Fixing bank culture without new laws

A compelling way to change bad bank culture is to require financial institutions to be continually closely challenged by customer associations.

This would counter the “striking asymmetry of power and information between bank and customer that favours the bank” as noted in the Interim Report of the Hayne Royal Commission.

No changes in law may be required. The establishment of customer associations could be introduced by ASIC as the conduct regulator, and/or APRA, the prudential regulator.

They could require any customer of a financial service institution to automatically obtain voting rights to elect professionally qualified customer advocates for each firm.  

The regulators would determine the professional qualification of advocates and their pay. The cost would be reimbursed by the relevant business.

Anyone with the required professional qualifications could self-nominate to be elected to create market forces for cost effectiveness.

The idea of banks funding customers to take corrective action was raised by Ken Henry, the chair of National Australia Bank.

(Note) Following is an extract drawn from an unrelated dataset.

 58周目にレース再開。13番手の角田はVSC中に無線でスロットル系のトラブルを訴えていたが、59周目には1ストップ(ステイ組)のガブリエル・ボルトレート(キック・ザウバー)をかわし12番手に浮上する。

Henry pointed to out to Commissioner Hayne that the Australian Taxation Office provides such funding for disputes with taxpayers.

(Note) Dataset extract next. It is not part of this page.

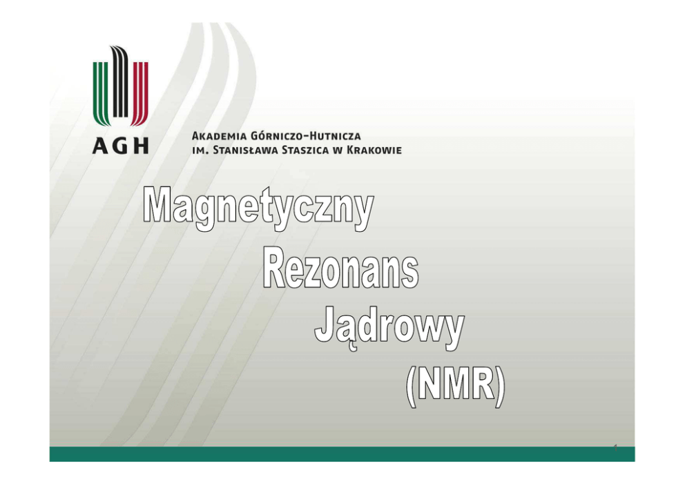1 NMR – Nuclear Magnetic Resonance Co to jest? Spektroskopia NMR – ang. Nuclear Magnetic Resonance Spektroskopia Magnetycznego Rezonansu Jądrowego (MRJ) Wykorzystuje własności magnetyczne jąder atomowych Spektroskopia ta polega na wzbudzaniu spinów jądrowych znajdujących się w zewnętrznym polu magnetycznym a następnie rejestrację promieniowania elektromagnetycznego powstającego na skutek zjawisk relaksacji. Relaksacja jest to powrót układu spinów jądrowych do stanu równowagi termodynamicznej. Trochę historii: odkrycie NMR 1945/46 Odkrycie zjawiska NMR w fazie skondensowanej Felix Bloch Edward Purcell Nobel z fizyki 1952 r. Trochę historii cd. 1953 Pierwszy sygnał NMR w Polsce Andrzej Hrynkiewicz Jacek Hennel 2DFT 1966 Metoda Transformaty Fouriera 1974 Spektroskopia wielowymiarowa Richard Ernst Nobel z chemii 1991 Trochę historii cd. 1976 Metoda badania struktury białek Nobel z chemii 2002 Kurt Wüthrich Nobel z medycyny 2003 "for their discoveries concerning magnetic resonance imaging" Paul C. Lauterbur Sir Peter Mansfield Model atomu Bohra Bohr przyjął załoŜenie o istnieniu w atomach jedynie ściśle określonych orbit elektronowych zwanych dozwolonymi lub stacjonarnymi. Orbity stacjonarne to specjalne orbity wokół jądra, na których elektrony poruszają się bez utraty energii Mechanika kwantowa Równanie Schrödingera dla atomu wodoru Energia elektronu w atomie wodoru n – główna liczba kwantowa Mechanika kwantowa Dopuszczalne wartości momentu pędu elektronu I – poboczna (orbitalna) liczba kwantowa która przybiera wartości l= 0,1,2,..,n-1 Wartościom liczby kwantowej przypisujemy symbole literowe: l=0 symbol s, l=1 symbol p, l=2 symbol d itd. Mechanika kwantowa Dopuszczalne wartości składowej Mz wektora momentu pędu elektronu h Mz = m 2π m – magnetyczna Przyjmuje wartości od –l do l. liczba kwantowa. KaŜdej kombinacji trzech liczb kwantowych: n, l i m odpowiada jedna tzw. porządna funkcja falowa będąca rozwiązaniem równania Schrödingera. Funkcje takie nazywamy orbitalami. Mechanika kwantowa W 1928 Dirac stwierdził, Ŝe do prawidłowego opisu zachowania elektronu w atomie konieczne jest wprowadzenie wielkości zwanej spinem. Po uwzględnieniu spinu otrzymujemy tzw. spinorbitale Spinowy moment pędu elektronu wyraŜa się wzorem: σ = h s ( s + 1) s – spinowa liczba kwantowa. Przyjmuje wartość 1/2 σz = msh/2π π Składowa zetowa spinowego momentu pędu moŜe przyjmować wartości +1/2 i – 1/2 Spin elektronowy Co to takiego jest spin? Modelowo moŜna sobie wyobrazić jako wirowanie „kulki elektronu” wokół własnej osi. Elektron krąŜąc po orbicie wokół jądra jednocześnie zachowuje się jak bąk wirujący wokół własnej osi. Temu wirowaniu odpowiada realny, mierzalny doświadczalnie, wektor momentu pędu zwany spinem. Wielkość ta nie ma odpowiednika w mechanice klasycznej. WyraŜa się w jednostkach momentu pędu. Spin elektronowy Wirowanie naładowanej kulki moŜna porównać z przepływem prądu elektrycznego w kołowej pętli przewodnika. Taki ruch ładunku (ujemnie naładowana kulka) wywołuje powstanie momentu magnetycznego, którego wektor skierowany jest przeciwnie do wektora momentu pędu. Spin elektronowy CO TO JEST MAGNES? µe µL elektrony krąŜą wokół atomu orbitalny moment magnetyczny µ e = l (l + 1) µ B µS własny ruch elektronu (spin) spinowy moment magnetyczny µ s = 2 s ( s + 1) µ B Moment magnetyczny atomu to suma jego momentów magnetycznych orbitalnych i spinowych Spin elektronowy W wypełnionych powłokach elektronowych wszystkie spinowe i orbitalne momenty pędu i momenty magnetyczne są skompensowane i wypadkowy moment magnetyczny jest równy zeru – molekuły diamagnetyczne. JeŜeli molekuła ma kilka niesparowanych elektronów to ich momenty pędu oraz momenty magnetyczne sumują się wektorowo dając wypadkowy moment pędu J = L + S. J – Kwantowa liczba całkowitego momentu pędu wszystkich elektronów, L – wypadkowy orbitalny moment pędu i S – wypadkowy spinowy moment pędu– sprzęŜenie LS. Wpadkowemu momentowi pędu towarzyszy wypadkowy moment magnetyczny - MJ Bez działania pola magnetycznego spiny są rozłoŜone bezładnie Spin elektronowy W zewnętrznym polu magnetycznym następuje przestrzenne kwantowanie całkowitego momentu pędu w ten sposób, Ŝe kwantowa liczba magnetyczna MJ moŜe przybierać wartości: MJ=J, J-1, J-2, …-J+1, -J czyli 2J+1 moŜliwych wartości. Spin elektronowy Spin elektronowy Spin elektronowy Spin elektronowy KaŜda z tych orientacji ma inną energię oddziaływania trwałego momentu magnetycznego z zewnętrznym polem magnetycznym. Energia oddziaływania magnetycznego jest proporcjonalna do indukcji B0 zewnętrznego pola magnetycznego i wynosi: Emagn=MJgµBB0 Energia ta jest więc skwantowana. W zewnętrznym polu magnetycznym zerowa energia momentów magnetycznych rozszczepia się na 2J+1 równoodległych poziomów energetycznych przy czym odstęp sąsiadujących poziomów: ∆E = gµBB0 To rozszczepienie poziomów energetycznych w polu magnetycznym nazywa się zjawiskiem Zeemana Spin jądrowy Podobnie do elektronu, równieŜ proton moŜna rozpatrzeć jako dodatnio naładowana kulkę wirującą wokół własnej osi, co oznacza pojawienie się spinowego momentu pędu czyli spinu jądrowego. h I = I ( I + 1) 2π Kwantowa liczba spinowa protonu I=½ Wirowanie naładowanej dodatnio kulki protonu powstanie wektora momentu magnetycznego µΙ. wywołuje Spin jądrowy Jądra zbudowane są z protonów i neutronów. Neutron, choć jest cząstką nienaładowaną teŜ ma moment pędu czyli spin o liczbie kwantowej I=1/2. Podobnie jak w przypadku elektronów, równieŜ w przypadku jąder następuje sumowanie momentów pędu i momentów magnetycznych protonów i neutronów co moŜe doprowadzić do ich całkowitej kompensacji. Dzieje się tak w izotopach o parzystych liczbach protonów i neutronów czyli w tzw. jądrach parzystoparzystych. W pr

Stakeholder advocates could make redundant the international practice of regulators embedding members of their staff in financial institutions. The remit of such staff is limited to compliance issues not to the quality and competitiveness of customer service.

In any event embedded staff are typically restricted to an intermittent presence. They do not provide continual challenge to management.

Their tenure is not dependent upon obtaining customer satisfaction to be re-elected the following year.

A role for customer advocates

Unlike embedded staff of regulators, or government ombudspersons, customer advocates take on dual duties.

They can mentor bank managers to be “efficient fair and honest” as proposed by Haynes to act as co-regulators as well as improving efficacy and competitiveness of customer service.

They can negotiate win-win solutions in a much more immediate, nuanced and cost effective ways that need not involve the regulators or for issues that are not relevant to regulators.

The efficacy of customer advocates has been proven by the success in the US of Customer Utility Boards (CUBs).

These were established by Ralph Nader to counter price regulators being captured by privately owned utilities providing electricity, gas and telecommunication services.

Proof of their success is that customers had to donate money and personnel involvement.

Such stakeholder involvement also occurs locally as illustrated by the Australian Shareholders Association and Choice, described as “Australia’s leading consumer advocacy group”.

The involvement of Australian customers could be higher in Australia than in the US because the cost of participation could be negligible and benefits far greater.

Australian Banks and other financial service providers who pay the costs could also achieve significant net benefits.

A preference for accepting stakeholder advocates rather than embedded regulators was accepted by the CEO of the Australian Institute of Company directors during a briefing for directors at the Sydney convention centre last September.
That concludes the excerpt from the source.